Once you find the line with "Primanova Royal Seoul", output it and every line after it exactly, through the last line of the listing, but no pictures.

→ DATASET SECTION
+ + +

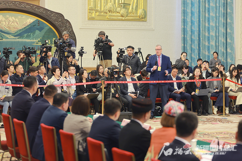 欧洲时报、中央广播电视总台、中阿卫视、埃及中国周报、中国日报、凤凰卫视、澎湃新闻、光明日报等媒体记者先后提问,就新疆高水平开放、科技发展、应对美国制裁、南疆巩固脱贫攻坚成果和乡村全面振兴、“十大产业集群”建设、文旅产业发展等了解相关情况。新疆代表团代表积极应答,全面介绍工作成果,热情邀请中外记者到新疆采访交流。在讲述新疆开放工作时,有关代表说,坚持开放战略不动摇,这是新疆的历史使命,更是由新疆独特优势所决定的,“风光无限好,正是在新疆”。在介绍新疆科技创新情况后,有关代表“喊话”海内外科技界有志之士:“孔雀东南飞固然有其风景,雄鹰西北行亦有别样风采。”在回应“如何看待中国企业因‘强迫劳动’被美国列入制裁名单”时,有关代表严肃指出,这于实不符、于理不合、于法无据,我们坚决反对!一些中国企业已经依法起诉了一些长期散布新疆存在所谓“强迫劳动”谎言谬论的组织和机构。我们鼓励和支持更多企业,拿起法律武器捍卫合法权益。
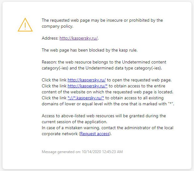 Web Control manages users' access to web resources. This helps reduce traffic and inappropriate use of work time. When a user tries to open a website that is restricted by Web Control, Kaspersky Endpoint Security will block access or show a warning (see the figure below).
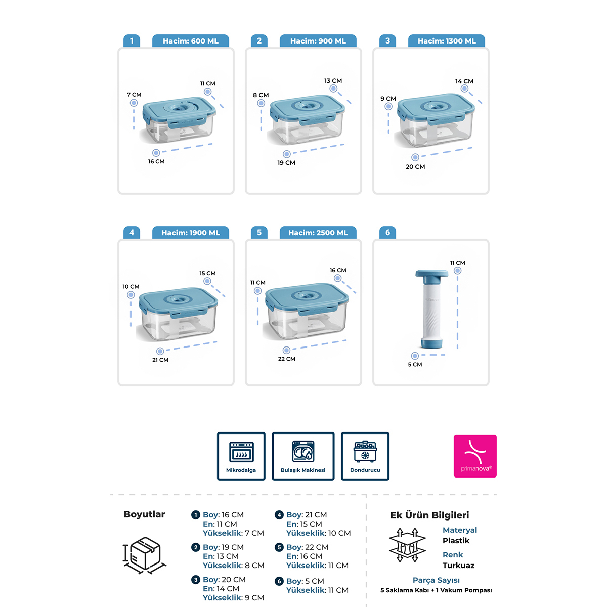 Primanova Royal Seoul Taze Ürün Saklama Kabı Seti 6 Parça
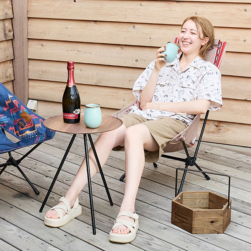 座高約 34cm,搭配營火或地墊使用恰到好處。無論是營地閱讀、煮咖啡,還是仰望星空,都是剛剛好的角度與高度,另側邊口袋亦可收納手機、小物、營地用品等。

+ + +

→ RESPONSE AREA
 Primanova Royal Seoul Taze Ürün Saklama Kabı Seti 6 Parça
 座高約 34cm,搭配營火或地墊使用恰到好處。無論是營地閱讀、煮咖啡,還是仰望星空,都是剛剛好的角度與高度,另側邊口袋亦可收納手機、小物、營地用品等。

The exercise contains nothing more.